Mary: a brand needs to create content that people want to pull. Create complete messages. As you get to the longtail how can you control? HP is slowly dipping toes in this area. Wants to be more associated with content that is sort of peer reviewed and is not prepared to go to the tail.

John: if innapproapriate content is placed around ads, they can (and have) pulled the ads. It puts pressure on media planners to be careful.

Dean: Kayak launched a TV campaign that was controversial, extended it online by creating an ad tool and asking users to create their own ads. they did moderate and remove things hateful, too sexual but it did go further than normally allowed (on network). It was seen as a way to extend the media buy.

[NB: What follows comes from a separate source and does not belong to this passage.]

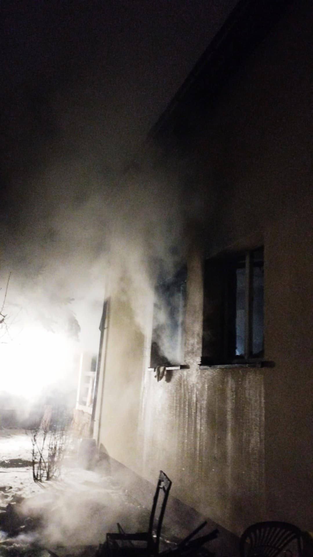 Nocny pożar budynku w Stryjkach. Na miejscu liczne zastępy straży pożarnej.
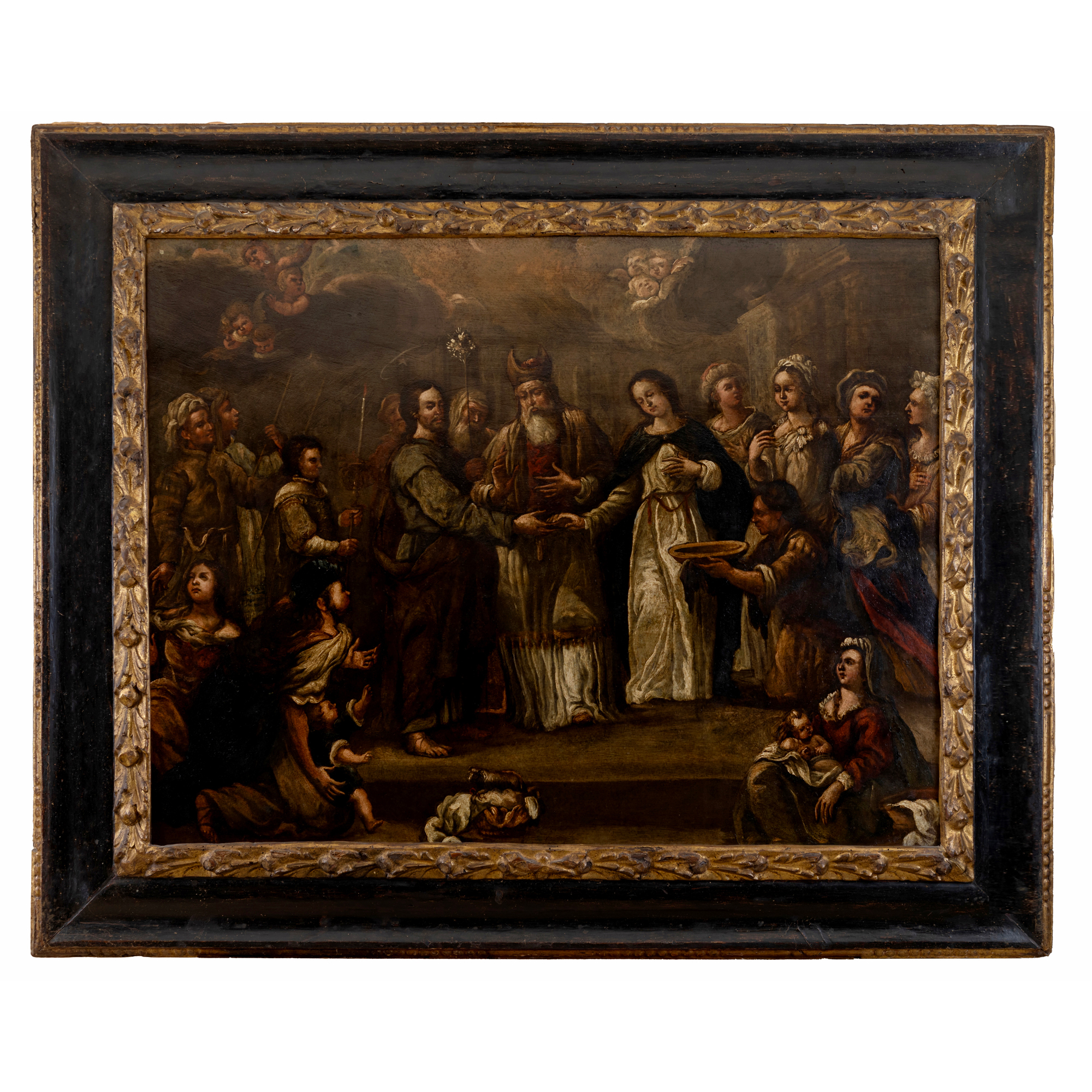 Óleo sobre cobre principios del siglo XVIII con marco original en madera tallada y dorada con entrecalle en negro.

Here, Mary may be doing a service to all us smaller bloggers out here..it’s often about influence, not total reach and just ‘cos we’re out on the tail does not mean we are edgier. But I though only Dean answered the question about can you go more edgy online, or when consumers are choosing to create media or whn advertising next to uncensored stuff. I’ve seen the types of lines that can get cut from ads ‘cos the TV networks don’t like them and was shocked by some of the decisions, what was not allowed in. On line is slightly less restrained and you can stretch the brand, although you always have to remember that users can stretch it far further.

Q: is it really a paradign shift as marketing has always been about engagement and is it just an opportunity shift?

Mary: marketers have to think differently now across the channels.

Stacey: we have had a dialogue before but limited reach. Now we have a dialogue with a channel as consumers are a channel too. Consumers spread the word so this challenges how we engage.

John: it is having a huge impact on the ad infrastructure. The audience is fragmented, you have to customise more. You have to increase badnwidth to address this fragmentation.

Dean: it lets us do it faster, better, cheaper. Has unlocked a creative renaissance (all the tools). it is truly exciting.

Q: If Fox is selling the protected spaces, what % of reach is actually seeing this space?

John: the protected areas reference was about giving advertisers a safe space if they were uncomfirtable. many are moving into the unprotected areas. The home page gets about 15m uniques, about 200m impressions. This is about 25% of the user base.

Q: what happens when UGC heckles the brand?

Dean: that’s life! Not everyone likes the brand. we can’t get crazed about it.

Mary: It’s no longer the email that goes round the company, now everyone can see the problem. But if you are in the right the user community will stand up for you and defend you. If you are credible and stay true, the community will stand up.

Stacey: problems start with this when a brand ‘plays’ at this and does not really let up control.

Q: how much control is too much before you lose credibility?

Dean: You can’t take control and should not. things like Payperpost will backfire and cause problems.

Stacey: If you are just looking at spreading the brand then you are missing the boat. We should do more to learn about how users see the brand. We can’t just count eyeballs.

And there time was up. For me, this was a far better panel than the first one. Some realism that things have to change. But like the morning session, still a lot of confusion about what this means.